▸ **What you should do**:
In the entries below, begin at the line that has "This Smith &" and stop after the line that has "Die Hunterzügel von"; output those lines exactly, leaving out pictures.

**** Exercise data

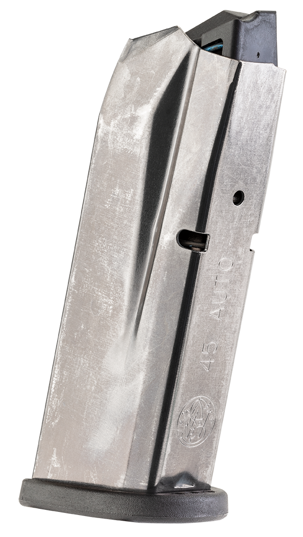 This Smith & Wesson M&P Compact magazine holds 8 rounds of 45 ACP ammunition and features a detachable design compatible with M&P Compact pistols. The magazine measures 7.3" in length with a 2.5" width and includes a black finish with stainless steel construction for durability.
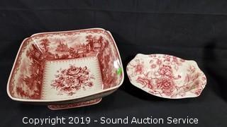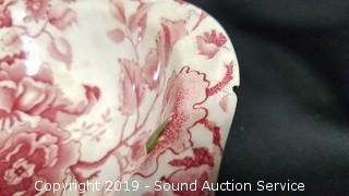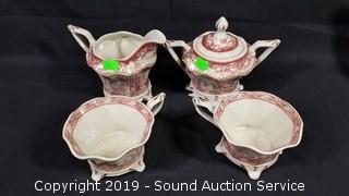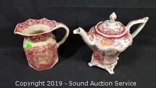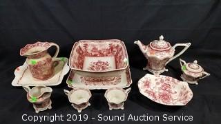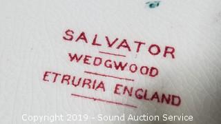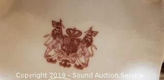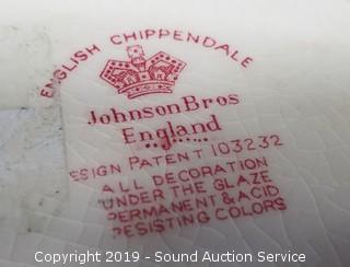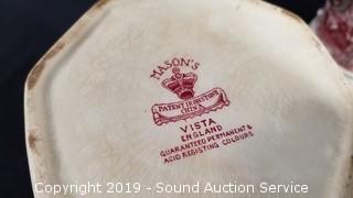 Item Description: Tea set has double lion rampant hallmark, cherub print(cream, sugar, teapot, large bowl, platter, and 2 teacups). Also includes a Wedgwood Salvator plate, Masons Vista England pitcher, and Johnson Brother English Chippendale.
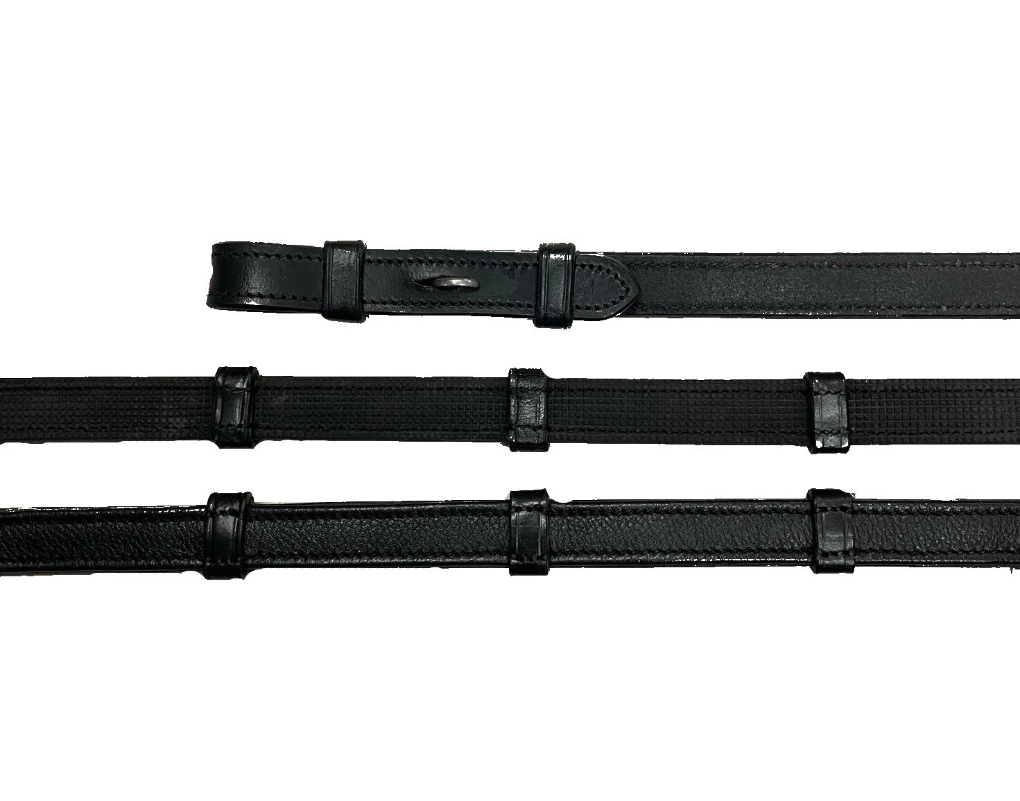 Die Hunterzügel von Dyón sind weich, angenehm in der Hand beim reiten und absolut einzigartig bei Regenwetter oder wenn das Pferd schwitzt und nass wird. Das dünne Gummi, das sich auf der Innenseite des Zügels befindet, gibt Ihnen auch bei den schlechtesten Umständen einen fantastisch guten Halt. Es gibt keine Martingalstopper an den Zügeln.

********
**** Exercise data

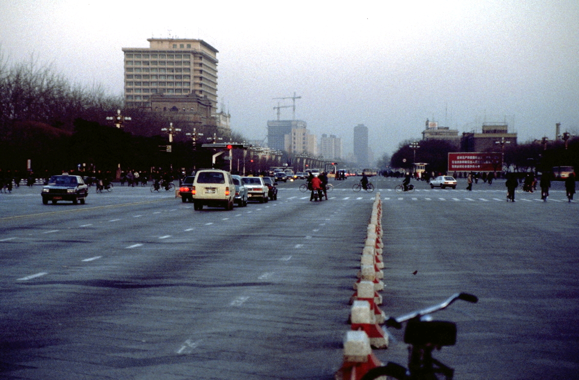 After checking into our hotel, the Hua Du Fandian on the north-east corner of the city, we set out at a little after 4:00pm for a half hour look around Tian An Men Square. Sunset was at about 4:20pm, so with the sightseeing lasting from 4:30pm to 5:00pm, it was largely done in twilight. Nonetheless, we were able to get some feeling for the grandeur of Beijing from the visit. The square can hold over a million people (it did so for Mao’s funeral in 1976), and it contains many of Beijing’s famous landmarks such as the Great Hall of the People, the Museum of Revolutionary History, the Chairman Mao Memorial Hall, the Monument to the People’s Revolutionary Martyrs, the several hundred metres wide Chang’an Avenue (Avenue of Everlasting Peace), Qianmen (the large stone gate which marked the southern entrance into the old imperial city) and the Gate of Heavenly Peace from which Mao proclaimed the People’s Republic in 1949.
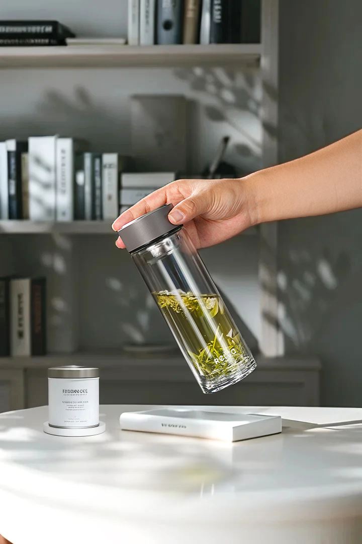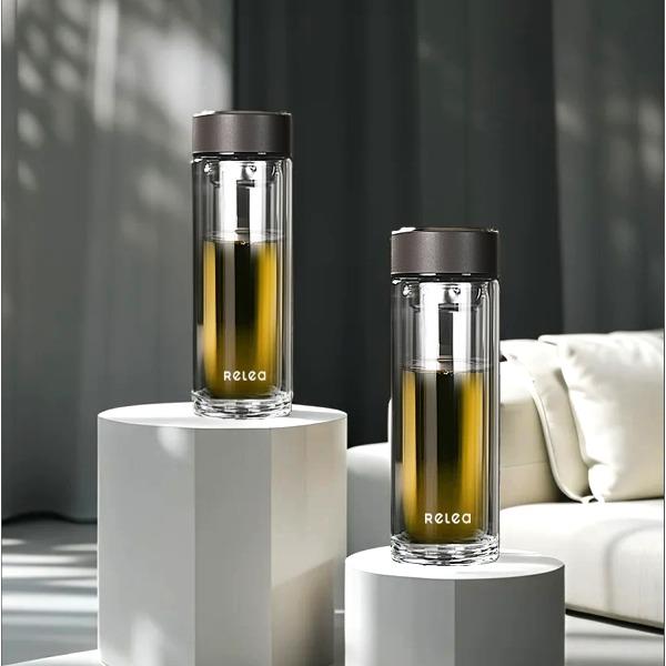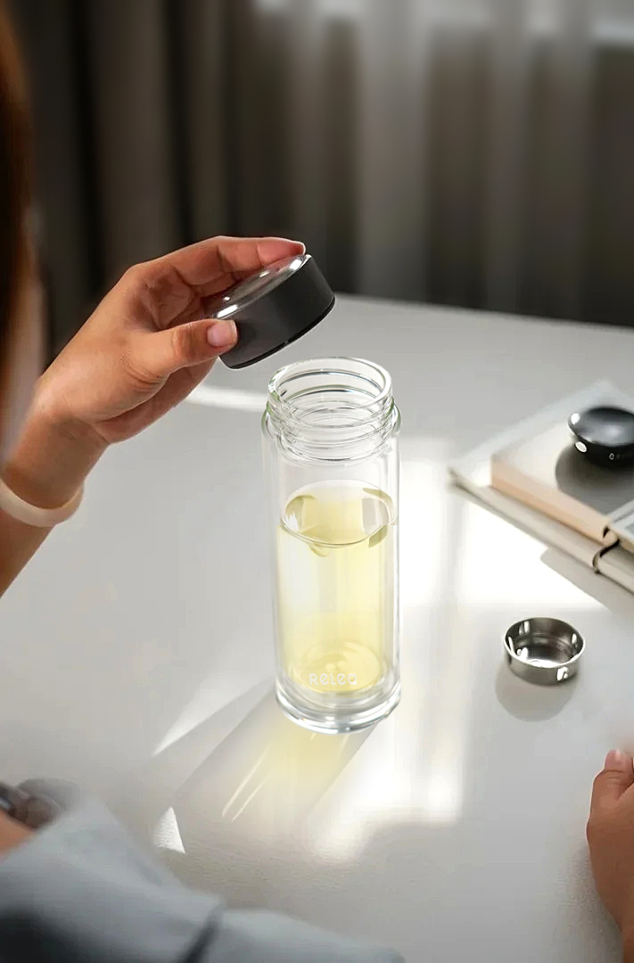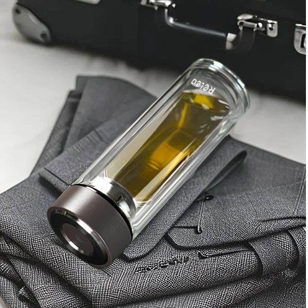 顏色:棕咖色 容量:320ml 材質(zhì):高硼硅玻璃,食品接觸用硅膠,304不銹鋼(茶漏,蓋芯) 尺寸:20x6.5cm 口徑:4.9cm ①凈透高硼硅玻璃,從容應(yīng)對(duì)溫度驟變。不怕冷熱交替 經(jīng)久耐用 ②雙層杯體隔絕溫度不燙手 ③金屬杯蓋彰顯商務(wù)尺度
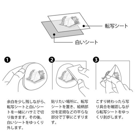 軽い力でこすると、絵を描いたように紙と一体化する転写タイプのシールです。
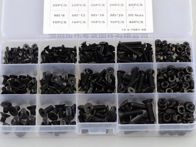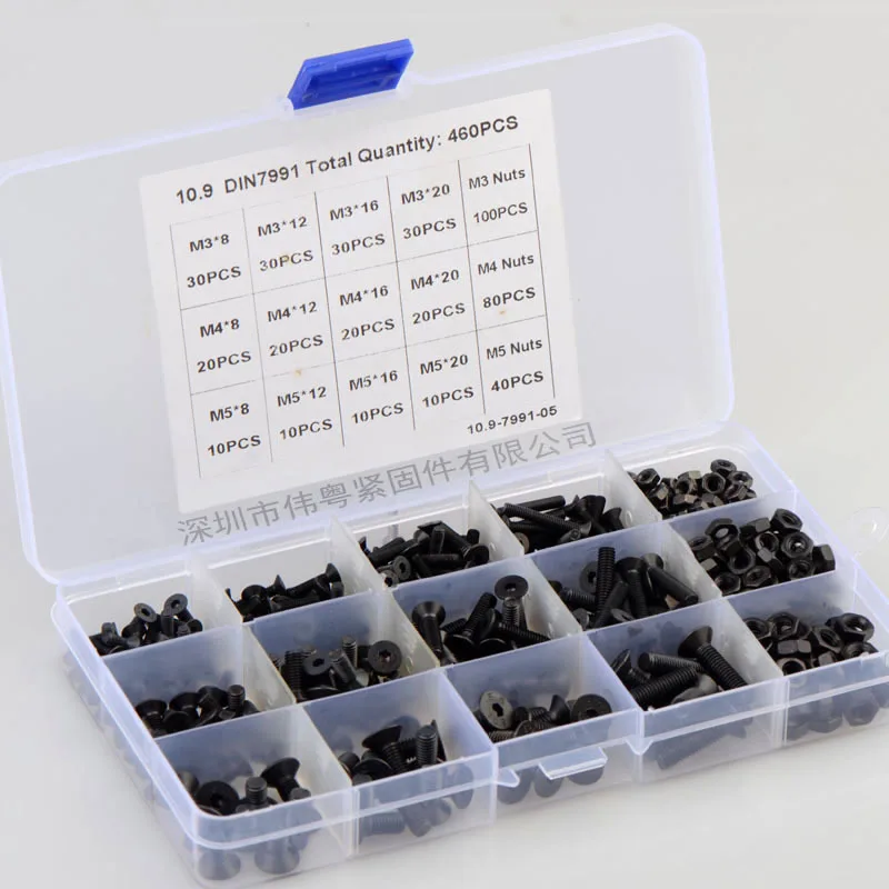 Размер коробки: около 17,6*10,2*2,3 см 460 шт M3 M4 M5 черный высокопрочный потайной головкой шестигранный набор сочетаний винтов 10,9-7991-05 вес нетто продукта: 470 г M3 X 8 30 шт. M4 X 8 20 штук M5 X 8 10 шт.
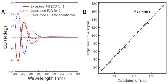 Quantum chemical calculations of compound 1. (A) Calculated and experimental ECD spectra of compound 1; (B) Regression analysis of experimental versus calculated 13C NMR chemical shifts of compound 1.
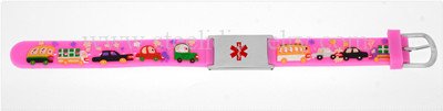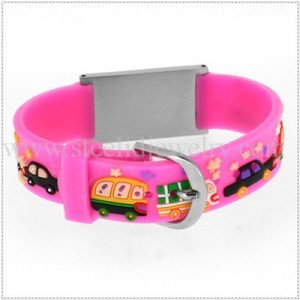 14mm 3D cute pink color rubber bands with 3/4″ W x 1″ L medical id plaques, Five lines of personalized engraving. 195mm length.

********
**** Exercise data

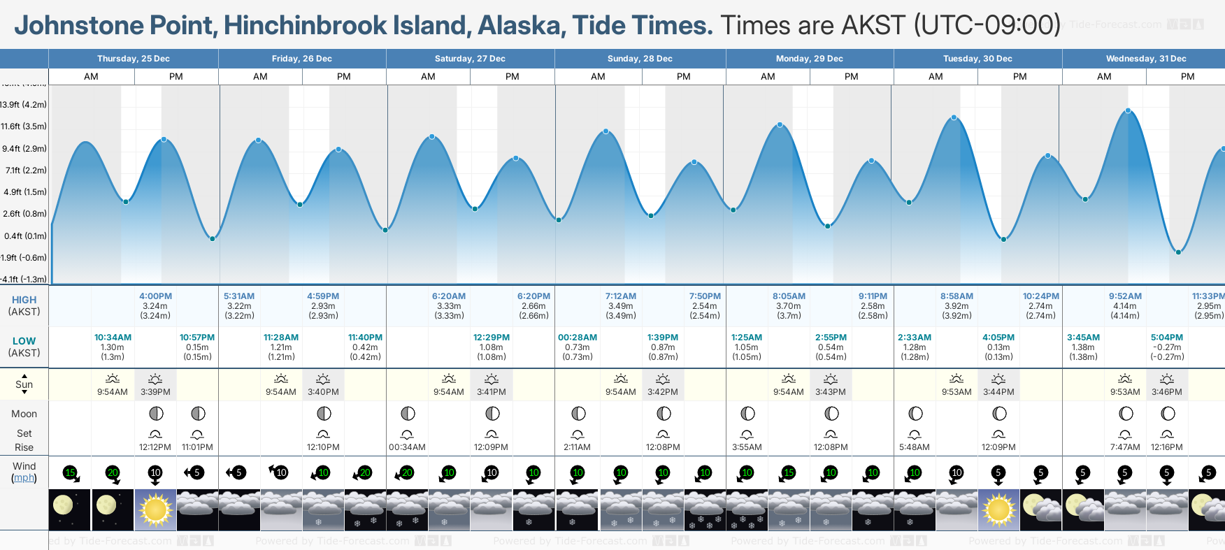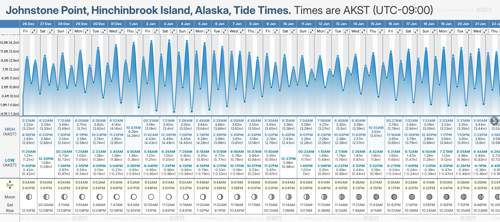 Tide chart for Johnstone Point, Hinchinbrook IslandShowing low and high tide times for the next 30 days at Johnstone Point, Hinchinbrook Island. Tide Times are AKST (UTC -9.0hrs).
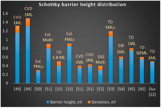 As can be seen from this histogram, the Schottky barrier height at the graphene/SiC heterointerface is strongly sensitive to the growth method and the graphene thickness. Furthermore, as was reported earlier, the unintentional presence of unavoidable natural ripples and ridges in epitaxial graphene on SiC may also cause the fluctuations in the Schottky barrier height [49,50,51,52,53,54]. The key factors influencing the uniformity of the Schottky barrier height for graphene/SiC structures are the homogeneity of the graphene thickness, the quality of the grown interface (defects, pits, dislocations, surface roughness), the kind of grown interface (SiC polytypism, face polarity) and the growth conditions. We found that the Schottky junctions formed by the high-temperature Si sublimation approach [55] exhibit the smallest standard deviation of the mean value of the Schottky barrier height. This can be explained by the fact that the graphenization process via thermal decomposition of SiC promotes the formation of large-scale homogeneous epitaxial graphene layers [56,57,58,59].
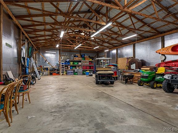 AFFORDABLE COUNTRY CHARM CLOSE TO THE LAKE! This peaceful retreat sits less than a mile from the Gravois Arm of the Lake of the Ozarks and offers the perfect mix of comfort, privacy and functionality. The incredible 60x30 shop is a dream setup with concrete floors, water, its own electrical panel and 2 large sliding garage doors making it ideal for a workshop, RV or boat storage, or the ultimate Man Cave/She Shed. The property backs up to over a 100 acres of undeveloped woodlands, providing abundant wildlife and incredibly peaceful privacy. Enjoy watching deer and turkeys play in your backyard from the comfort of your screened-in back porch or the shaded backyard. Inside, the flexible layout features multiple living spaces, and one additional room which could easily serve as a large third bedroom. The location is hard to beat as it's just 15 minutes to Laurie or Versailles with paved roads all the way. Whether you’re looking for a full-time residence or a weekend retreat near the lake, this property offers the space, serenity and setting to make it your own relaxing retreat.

********

▸ **Result**:
 This Smith & Wesson M&P Compact magazine holds 8 rounds of 45 ACP ammunition and features a detachable design compatible with M&P Compact pistols. The magazine measures 7.3" in length with a 2.5" width and includes a black finish with stainless steel construction for durability.
 Item Description: Tea set has double lion rampant hallmark, cherub print(cream, sugar, teapot, large bowl, platter, and 2 teacups). Also includes a Wedgwood Salvator plate, Masons Vista England pitcher, and Johnson Brother English Chippendale.
 Die Hunterzügel von Dyón sind weich, angenehm in der Hand beim reiten und absolut einzigartig bei Regenwetter oder wenn das Pferd schwitzt und nass wird. Das dünne Gummi, das sich auf der Innenseite des Zügels befindet, gibt Ihnen auch bei den schlechtesten Umständen einen fantastisch guten Halt. Es gibt keine Martingalstopper an den Zügeln.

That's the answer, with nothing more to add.